After struggling with low membership in the past two years, VIVA, a student organization that focuses on Spanish language and Latin American culture, made its campus presence known by hosting the VIVA Cultural Series: Cuba event last Monday, Jan. 28.

The event, which hosted around sixty people, showcased cultural, musical and political aspects of Cuba, in an effort to celebrate its unique qualities and illuminate some misconceptions about the country.

Vice president of VIVA, senior Emilia Poor, spoke about the goal of the Cultural Series. She explained their plan to continue exploring Spanish-speaking countries’ cultures, by showcasing the differences between them.

Poor said, “Basically, we wanted to explore other countries and bring the differences [to light] and [show their] uniqueness…to show people it’s not just Hispanic culture, there are specific differences [between] these cultures.”

The event featured informal trivia games, recipes, dance instruction and a presentation about the politics and history of Cuba.

The event also showcased Afro-Cuban music, performed by the Tambotoké ensemble and led by instructor of jazz studies, Jose Encarnación.

In his introduction to the performance, he informed attendees how Cuban music had influenced jazz music at large, by infusing Afro-Cuban styles with established American styles during the 1930s and 40s, especially in New York City.

The rhythmic performances featured both the Yambú and Batá styles of Rumba music. For the Yambú piece, the performers used crate-like boxes, an allusion to the fruit crates and boxes that former Cuban slaves used to create their own music when drums were outlawed in post-slavery Cuba, where officials feared music as a form of resistance.

“[This style] gives an opportunity to the older people to dance. It’s slower but they can still strut their stuff,” joked ensemble member junior Eli Edelman, who introduced the piece.

The Batá piece featured a combination of voice, drums and movement. Its lively nature was a crowd favorite, including that of VIVA advisor and Associate Professor of Spanish and Italian Patricia Vilches.

Said Vilches, “I liked everything…but the music was just [great]…I loved Jose when he talked about the Cuban musicians coming together with American musicians.” She added jokingly, ”It would be a good thing if it worked in politics!”

The event also provided information about Cuba’s history and government. In a slideshow, attendees were educated about the Cuban revolution, Fidel Castro’s impact on the country and the current situation under current President Raúl Castro.

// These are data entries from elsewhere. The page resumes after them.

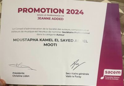 منحت جمعيّة المؤلّفين والملحنين وناشري الموسيقى الفرنسيّة “الساسيم” خطابات التهنئة للفنان مصطفى كامل نقيب المهن الموسيقية لإخطاره بإعتماده الرسمى ضمن محترفي العالم كشاعر وملحن مصري “العضوية البرفيشينال” حيث تخطت أعماله الناجحة الأف وثلاثمائة أغنية .
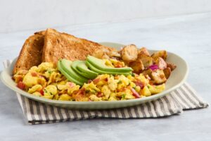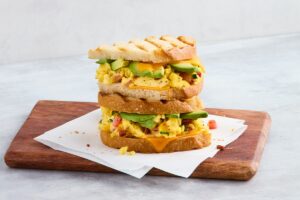 scrambled eggs, bacon, tomato, green onion, avocado, cheddar, grilled sourdough
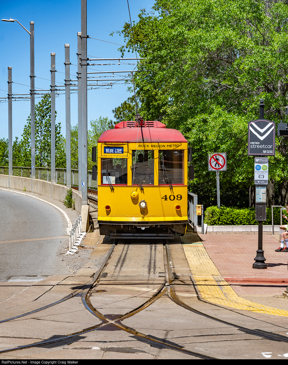 The Metro Streetcar, operated by Rock Region Metro and formerly known as the River Rail Streetcar, is a two-line heritage streetcar system operating in Little Rock and North Little Rock, Arkansas. It has operated since November 1, 2004, and expanded in 2007. The streetcar now operates over 3.4-miles (5.5 km) of track in a figure-eight loop pattern, essentially two loops in each city connected by a single-track stretch across the Arkansas River on the Main Street Bridge. One of the system's five trolleys, similar to old Birney trolleys but built in the 21st Century by Gomaco Trolley Company, rolls to a stop at the corner of Scott and Markham Streets as it ends its trip across the bridge and, after the stop, will head east down Markham toward the Bill Clinton Presidential Library on the Little Rock loop. Car 409 is one of five cars operating on this line; cars 408 and 409 were built in 2004, and cars 410 to 412 were built in 2007.

Poor attributed the differences between how Cuba might conceptualize democracy and how the United States does as a point of possible misunderstanding.

“What is democracy? It is voting or is it something else? That’s something to think about,” stated Poor, after citing the fact that Cuba has consistently had an above 90 percent voting rate.

This helped to illustrate the overall goal of the Cultural Series in adding to cultural awareness and understanding.

Said senior and VIVA president Osbani Garcia, “Given the fact that recently we’ve been having some issues with controversies in terms of ethnicity and race, I feel like if we get to know more about other cultures, we can bridge those differences and try to get two groups of people to get along by learning about each other.”

The event closed by moving to the Diversity Center for some classic Cuban food including empanadas, pollo asado, rice and beans and a drink called morir sonañdo. VIVA will continue their Cultural Series in the coming terms, with plans to feature Peru, Columbia, Argentina and Venezuela.